# P938 Part



## snotzzz (Mar 28, 2011)

I bought a P938 Nightmare back in September and just got the chance to take it out and have some fun today. The first two mags went flawlessly and my love for this gun swelled. Then a couple of times it failed to fire...then a piece fell out. It is the little plate that rests between the firing pin and the hammer....not sure what this part is called. So now I need to wait to call SIG tomorrow and see what they will do for me. Any advice from you guys that would help me out? Thanks.


----------



## snotzzz (Mar 28, 2011)

Ok, found my owner's manual and the part that came out is the firing pin stop. Not exactly sure how or why it fell out, but it did and I didn't want to try and fire the gun with parts falling out!!!


----------



## VAMarine (Dec 25, 2008)

I think I've heard of this happening with some other 938s, call Sig they should either send you a new part or a RMA for your gun.


----------



## snotzzz (Mar 28, 2011)

Thanks VAMarine, I'll give them a call in the morning in hopes that they are open on New Year's Eve. I just can't figure out why this part fell out. Did it break? A spring malfunction? But, I will have to trust SIG to figure it out and fix it!!! Thanks again.


----------



## VAMarine (Dec 25, 2008)

snotzzz said:


> Thanks VAMarine, I'll give them a call in the morning in hopes that they are open on New Year's Eve. I just can't figure out why this part fell out. Did it break? A spring malfunction?

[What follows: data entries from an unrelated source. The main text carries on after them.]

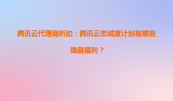 2025-05-27腾讯云代理商折扣:腾讯云忠诚度计划的隐藏福利解析 腾讯云作为国内领先的云服务提供商,不仅以技术实力著称,还通过代理商体系为用户提供更灵活的服务。而腾讯云忠诚度计划作为其核心客户运营策略...
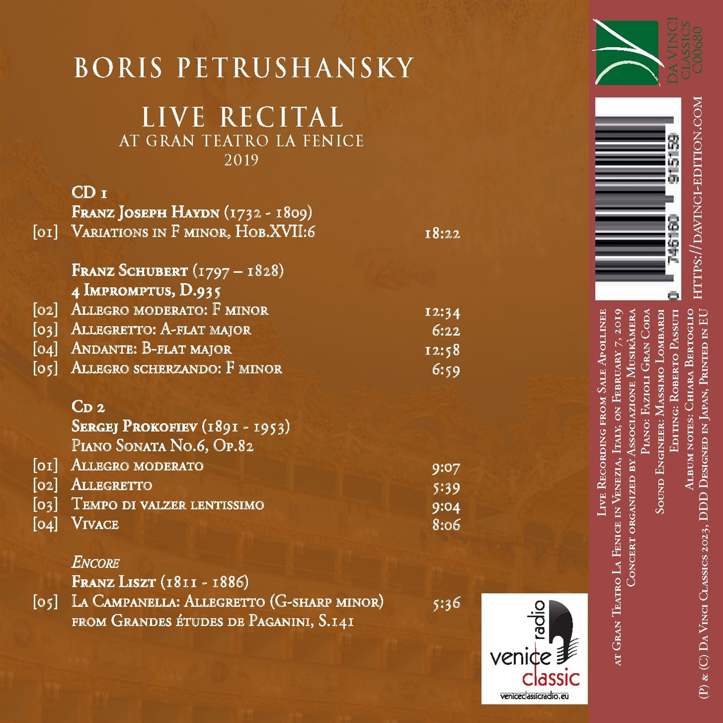 Il recital registrato dal vivo e pubblicato in questo album Da Vinci Classics offre una combinazione unica: un pianista leggendario, Boris Petrushansky, erede di una delle più importanti scuole di pianoforte nella storia del pianismo, quella di Heinrich Neuhaus e Lev Naumov; uno strumento superbo, realizzato a mano con eccezionale maestria; una location magnifica, negli edifici del bellissimo Teatro La Fenice di Venezia; e, ultimo ma non meno importante, un programma squisito, attraverso una grande varietà di stili sia in termini di storia della musica che di carattere generale dei brani. Petrushansky interpreta le preromantiche Variazioni in fa minore di Haydn, gli altrettanto toccanti ed emozionanti Impromptus op. 142 di Franz Schubert, e la possente Sesta Sonata per pianoforte di Prokofiev – il tutto sormontato da un emozionante bis, ovvero la parafrasi da concerto di Liszt su La campanella di Paganini. Questa registrazione dà così vita a un’esperienza indimenticabile, e ricrea le sensazioni di un evento unico che tramite essa si conserva per sempre..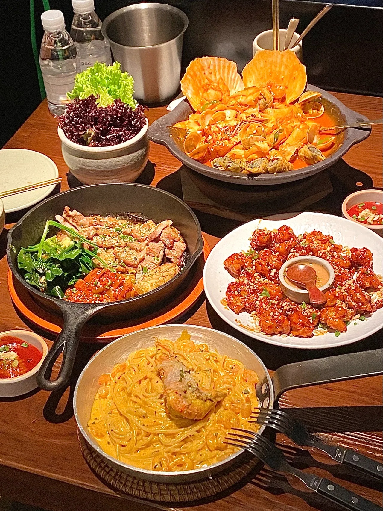 韩式创意料理!!韩式和中式的结合!!尝鲜还是不错的!!菜品颜值都很高!!很好出片[偷笑R]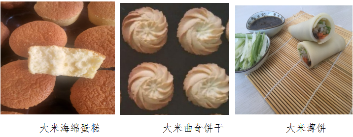 本项目利用稻米加工的副产物-碎米为只要原料,开发大米面包、大米曲奇、大米海绵蛋糕、大米蛋挞、大米薄饼等系列主食以及休闲米制食品。现有市场上的米制食品中,大米粉的添加量不超过10%,否则会对产品的品质产生负面影响,比如大米面包起发性差,体积小;大米曲奇和大米蛋糕口感粗糙,吞咽困难等。因此,本项目采用了生物酶制剂改良、复合调理等技术,使得大米粉的添加量达到30%以上,这样减少了产品中面粉的用量,增加米粉的用量,大大降低了麸质的含量,并且碎米为原材料,极大地降低了成本。制备得到的大米面包和曲奇饼干具有浓郁的米香,大米蛋挞的保质期优于市场产品。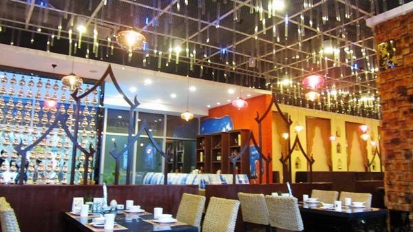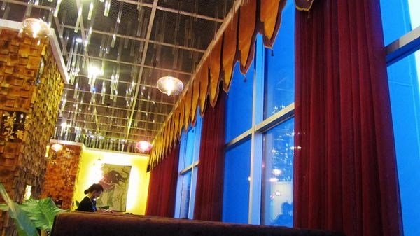 餐厅以泰式文化色彩为装修主题,采用的是仿真动感地面,屋顶采用星空垂吊灯,打造罗曼蒂克的就餐环境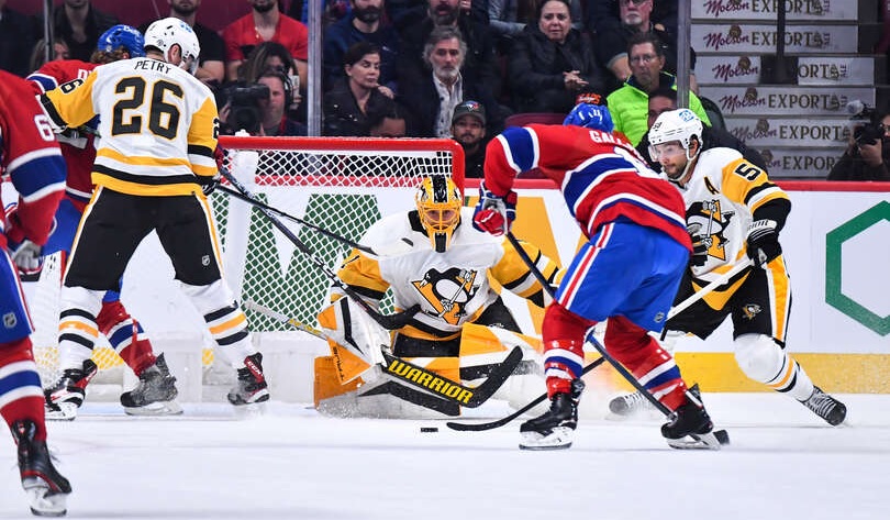 That seemed to give Montreal some skating legs. A couple of minutes later, Josh Anderson got a step on Pierre-Olivier Joseph but his backhander went wide. Four minutes after that, Kris Letang turned it over in his own zone right to Cole Caufield but the winger had to wait to get his shot off which allowed Casey DeSmith to be in position to cover it up.

But, I will have to trust SIG to figure it out and fix it!!! Thanks again.


Gotta be broken or very out of spec for it to come out while in use, it slides into a channel from the bottom of the slide...could be that maybe it was of poor tolerence AND the firing pin or firing pin spring got stuck allowing the stop to fall out while the slide was traveling during recoil.

I bet on broken.


----------